La chiusura del Cova Eni da parte del governatore Pittella, dopo che per venti anni la Val d’Agri è stata abbandonata e devastata con i silenzi e le complicità della politica, degli affaristi e di gran parte delle istituzioni lucane, ci deve spingere a chiedere conto a chi ha avuto la responsabilità di quanto è avvenuto e a fare tutto quello che è possibile per salvare una delle aree più belle della Basilicata“. Questo quanto dichiara Piernicola Pedicini, eurodeputato del Movimento 5 Stelle, che definisce quello in corso nella Val d’Agri “un disastro senza precedenti“.

L’europarlamentare del M5S sfida così il governatore lucano a rispondere a 15 domande relative al Centro Oli gestito da Eni.

Pedicini chiede di sapere “quanto petrolio è fuoriuscito finora dal Cova e quante persone stanno operando per evitare che il petrolio raggiunga il fiume Agri e la diga del Pertusillo“. Tra gli interrogativi posti a Pittella anche il numero di danni che ha già prodotto la fuoriuscita di petrolio e cosa si sta facendo per attenuarli e, ancora, “perché il blocco del Centro Oli è stato chiesto il 18 aprile scorso, nonostante si sapesse della fuoriuscita di petrolio dal 3 febbraio” .








Perché la Regione non ha fatto niente dal 2008, – continua Pedicini – pur sapendo che i serbatoi del Cova erano già danneggiati e privi del doppio fondo di sicurezza? Perché i serbatoi sono stati costruiti senza doppio fondo, chi doveva controllare perché non lo ha fatto? Oltre al problema dei serbatoi, quali altri problemi di sicurezza potrebbe avere il Cova, la Regione sta facendo ulteriori verifiche?“.

L’eurodeputato chiede a Marcello Pittella l’eventuale numero di malattie e di morti causati dall’inquinamento provocato dalle estrazioni petrolifere e perché queste ultime sono state autorizzate “considerato che i posti di lavoro per i lucani generati dal petrolio sono circa 3mila (compreso l’indotto) e i posti di lavoro che si sono persi in agricoltura e in attività turistiche a causa delle estrazioni petrolifere sarebbero, secondo alcune stime, circa 10mila” e “nonostante il totale delle royalties del petrolio per la Basilicata sono ammontate in circa 20 anni a soli un miliardo e 800 milioni di euro, e i danni economici all’agricoltura (chiuse 7mila attività), al turismo e al crollo dei prezzi delle case e dei terreni della Val d’Agri, ammonterebbero, secondo alcune stime, ad una ventina di miliardi“.

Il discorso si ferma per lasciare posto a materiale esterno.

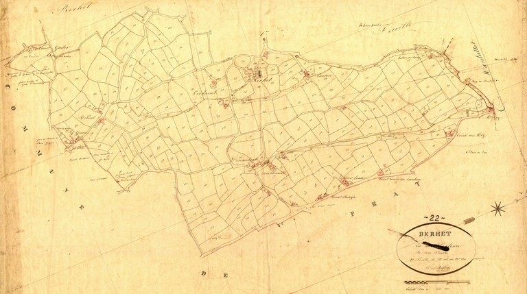 Cadastre ancien, commune de Berhet, 1 tableau d'assemblage et 2 feuilles, 1835.Cadastre.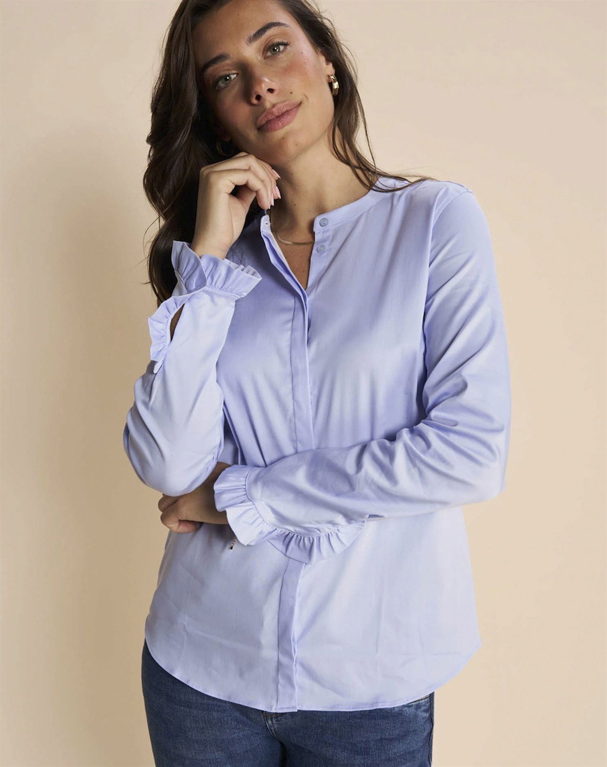 Denne smarte og feminine skjorte fra Mos Mosh damekollektion er perfekt til dig, der elsker at kombinere et klassisk look med et feminint strejf. Denne lækre skjorte i blød poplin kvalitet har smart kinakrave i halsen og flæser i ærmekanterne - begge dele detaljer, der gør skjorten både spændende og feminin. Så elsker du stilrent og klassiske designs på pigeskjorter, men helst vil undgå et decideret herrelook, så er Mattie skjorte fra Mos mosh dame lige noget for dig. Skjorten er samtidig blød og fleksibel, så den er rar at bære.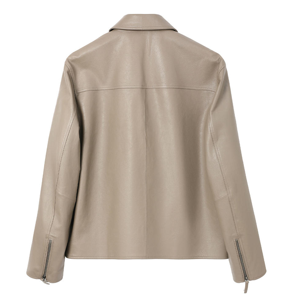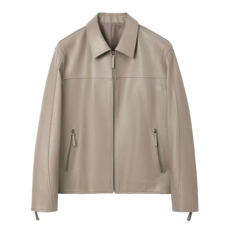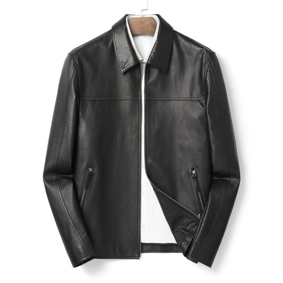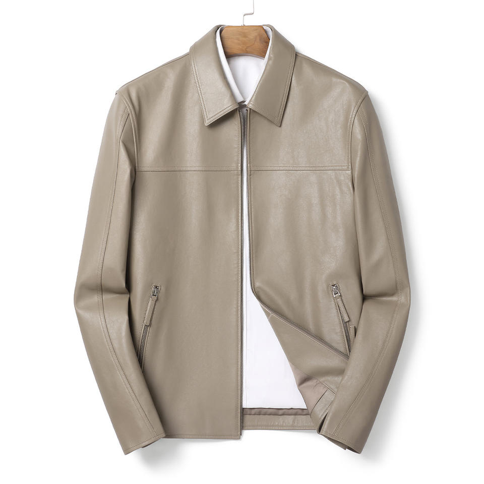 Autumn New Men's Sheep Leather Jacket Real Plant Tanned Micro Wide Short Lapel Coat Casual Style Zipper Closure Long Length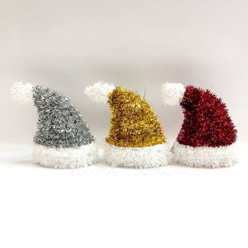Csillogó és ünnepi hangulatot árasztó dekorációs Mikulás sapkák, melyek feldobják bármelyik otthont. Az ezüst, arany és piros változatban kapható sapkák vidám kiegészítői lehetnek az ünnepi asztalnak, polcnak vagy a karácsonyfa környékének.

Pedicini chiede poi a chi toccherà bonificare la Val d’Agri una volta che il petrolio estratto sarà terminato, chi risarcirà “i danni secolari prodotti dal petrolio” e se la Regione Basilicata è consapevole che “gli stessi danni e devastazioni verificatisi in Val d’Agri colpiranno anche le aree del Camastra-Alto Sauro quando entreranno in funzione il centro oli Tempa rossa e i pozzi petroliferi della Total“.

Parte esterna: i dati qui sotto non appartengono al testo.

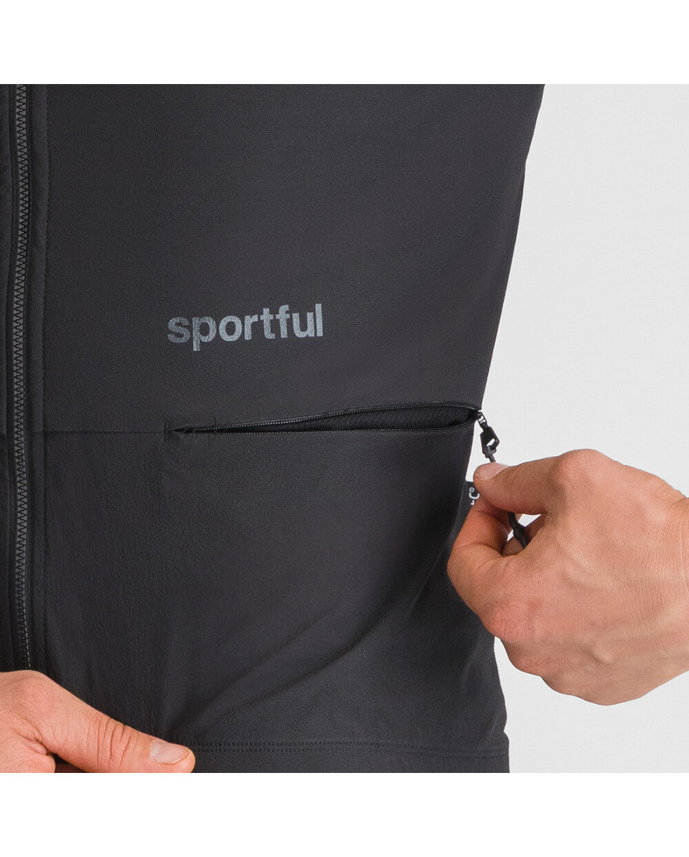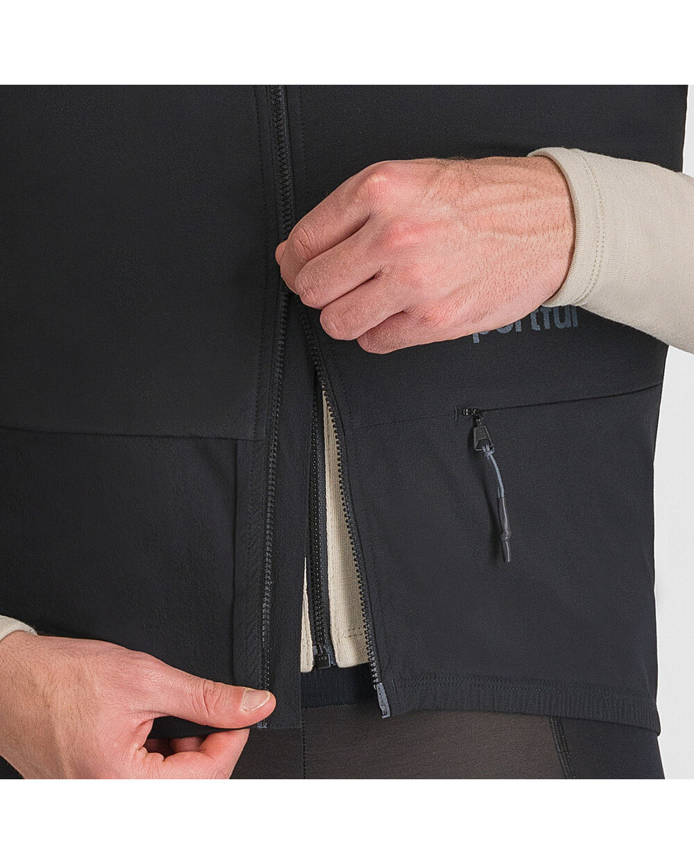 Dvoucestný YKK zip s vnitřní légou – možnost otevřít vestu shora i zdola pro přesnou ventilaci.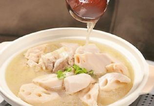 [做法] 把猪脊骨洗净、剁碎,放沸水锅里焯一下,捞出。去藕节和表皮,洗净、切片。猪脊骨放在锅里,加水适量。用大火煮沸,撇掉浮沫,添加精盐、黄酒、葱段、生姜片,再用小火炖煮到肉离骨,捞出骨头、拆掉肉,捅出脊髓。把脊髓、藕片放在汤中炖熟,拣去葱、生姜,添加味精即可。

Se Pittella risponderà a queste domande, – afferma l’eurodeputato pentastellato – i cittadini lo potranno giudicare e saranno anche chiariti molti punti oscuri. Se le risposte non arriveranno è bene che Pittella si dimetta subito e ci auguriamo che almeno una parte delle risposte arrivino dall’Eni e, nei termini e nei modi che le competono, dalla magistratura di Potenza“.